Research software at research institutions is therefore increasingly gaining importance and attention. At the same time, there is a lack of standards, guidelines and policies, best practices, and support mechanisms relating to the development, publication, and maintenance of research software. Researchers need support in managing research software across the entire software life cycle . One important aspect in this regard is the transparency of developments, modifications, and adaptations. Against this background, research software management should be organized in an open and transparent way.
In March 2017, the Helmholtz Association Open Science Working Group adopted the position paper “Access to and Reuse of Research Software.”2 In what follows, these positions will be addressed, supplemented, and given concrete form through practical recommendations for action for the Helmholtz Centers.3
This paper aims to create defined processes and to demonstrate options for action. However, it is also noted that the baseline situation varies depending on the Center and the research area. Each Center must therefore assess the importance of a recommendation, whether it can be implemented, and how it can be implemented. Some of the fields of action mentioned below lend themselves to cooperation between the Centers.
Incentives and Metrics
The intellectual activity performed when developing program code, and the contribution that this makes to a research result should be recognized and appreciated. The sustainable and open management of research software, the efficient deployment of resources, and the verifiability of research results can be guaranteed only if incentives for the corresponding practices to realize these goals exist.
In order to measure and recognize the work performed, the Helmholtz Centers are recommended to create incentives and to introduce adequate and transparent metrics for research software.
To recognize the scientific achievement and to anchor the appreciation of research software in the science system, the release of program code in the form of a publication should be promoted, as is also standard practice for scientific texts and research data. In dialogue with scholarly publishers, efforts should be made to require that the software used should be referenced in the articles. In this way, it can be ensured that the software developed or used becomes transparent for third parties and can be taken into account in scientometric analyses. To document the research output of a Center and its employees more comprehensively than has previously been the case, the Centers should, in addition to textual and data publications, also record software publications as a stand-alone publication type in publication databases, so that this type of publication can be taken into account in evaluations in the same way as other publication types.4
The development and use of program code, and its influence on the research work of third parties, should be actively traced via adequate mechanisms, taking into account the publication culture of the respective research area. Examples of metrics that allow conclusions to be drawn about the number and type of uses are citations of software in publications, download statistics, accesses to web-based software offerings, the quantity of feedback from users, the use of software repositories via forks and pull requests, and the integration of the program code into the software of third parties. Other suitable metrics could also include the number of mentions in project proposals, successfully acquired research funds, and revenue from commercialization activities. Aspects such as unique features, market leadership, and awards can also be included.

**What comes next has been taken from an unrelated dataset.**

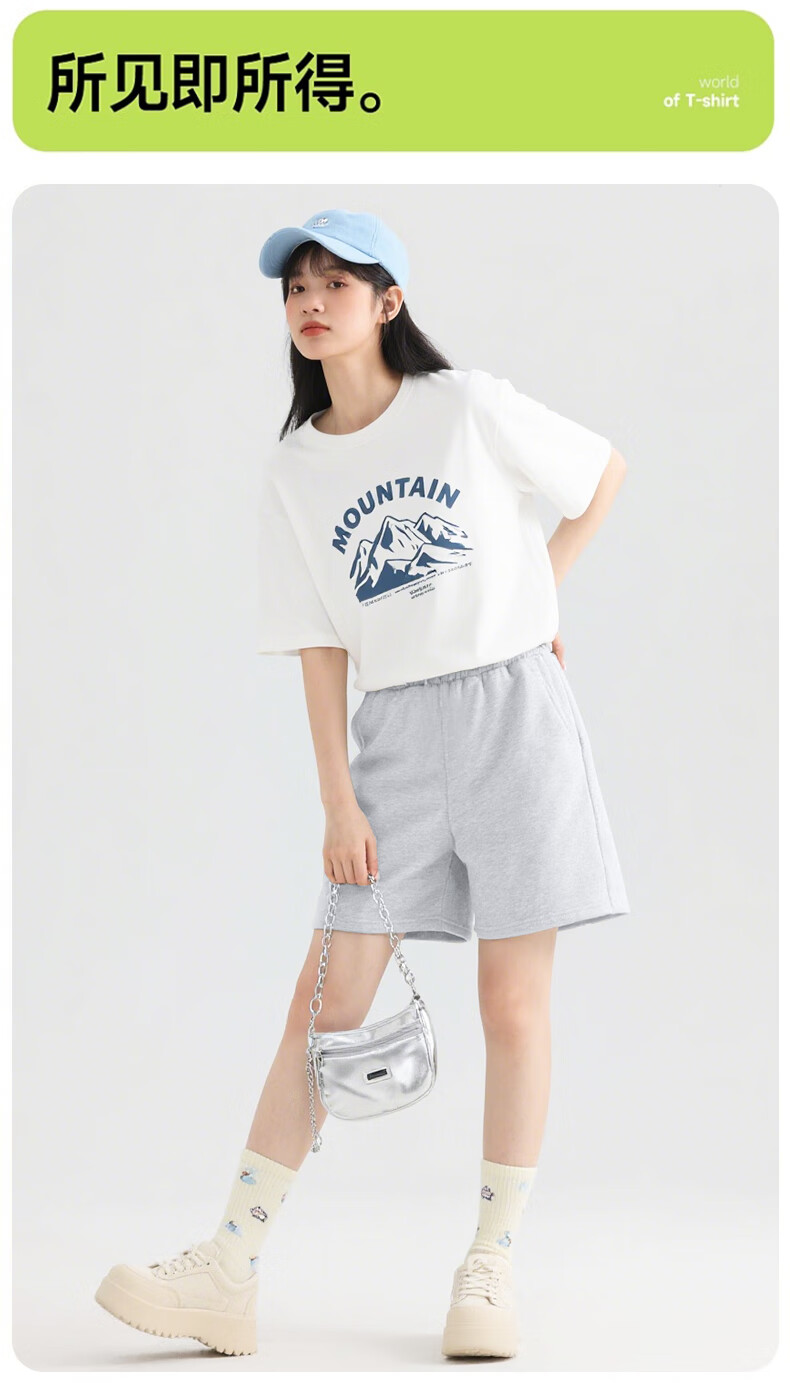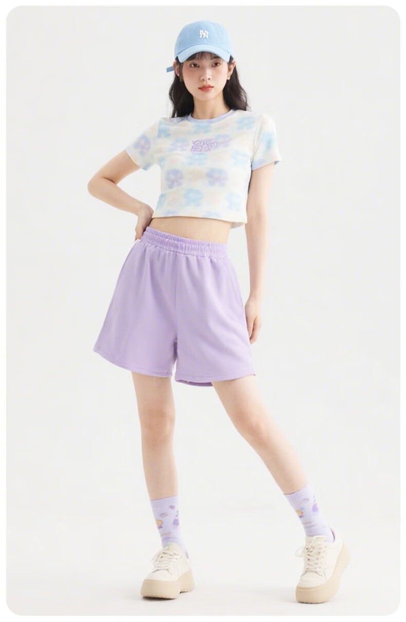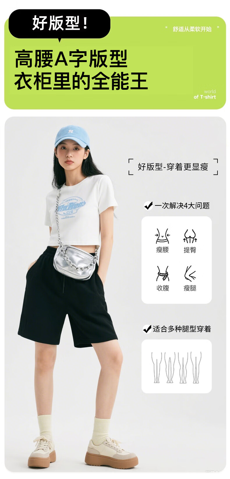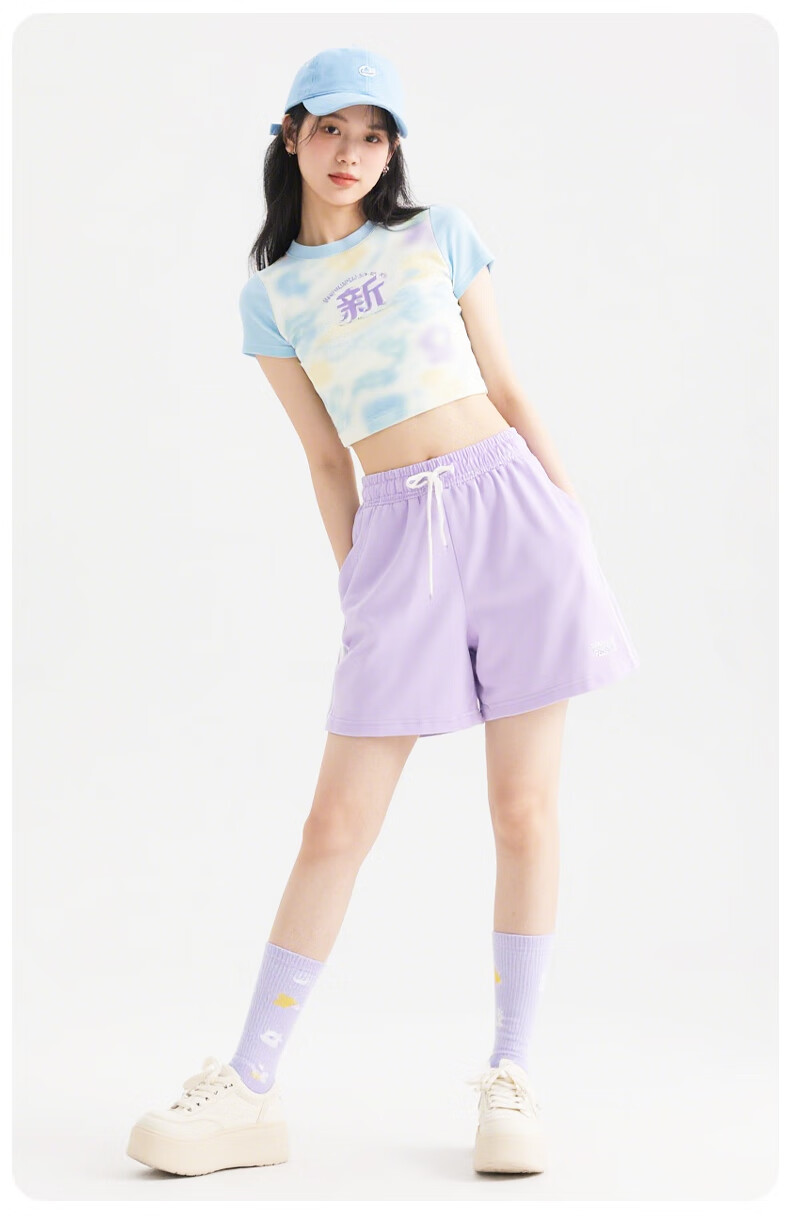 Baleno shorts for women summer new style pure cotton loose casual sports pants for women to wear elastic waist slim straight leg five-quarter pants

In addition to evaluations, the Helmholtz Centers can introduce measures to enhance the visibility and recognition of research software development, for example, in the form of prizes or awards. Moreover, information and advice services, training and continuing professional development (CPD) offerings, as well as corresponding career paths, provide incentives for employees to develop and maintain research software because of the importance attributed to it.5
Software Development and Documentation Practice
Sustainable software development goes hand in hand with good documentation practice. Both measures should be facilitated via appropriate infrastructures, imparted through suitable CPD offerings, and required by policies.
Analogous to lab journals for experimental work, general fundamental requirements for this can be defined in the rules of good scientific practice.6
By holding introductory events for new employees, these standards can be directly anchored in the Centers. When doing so, it should be expressly stated that, in order to make scientific work transparent, both modifications to program code (through version management) and the performance of individual analyses (lab journal) must be clearly documented. Moreover, the communication of these minimum standards can be used to draw attention to appropriate CPD measures7 and further recommendations. These further recommendations for development and documentation practice should provide concrete references to methods, software, and platforms that can be used for:
- software planning (use cases, class diagrams, UML, models, requirements documents, design documents, etc.)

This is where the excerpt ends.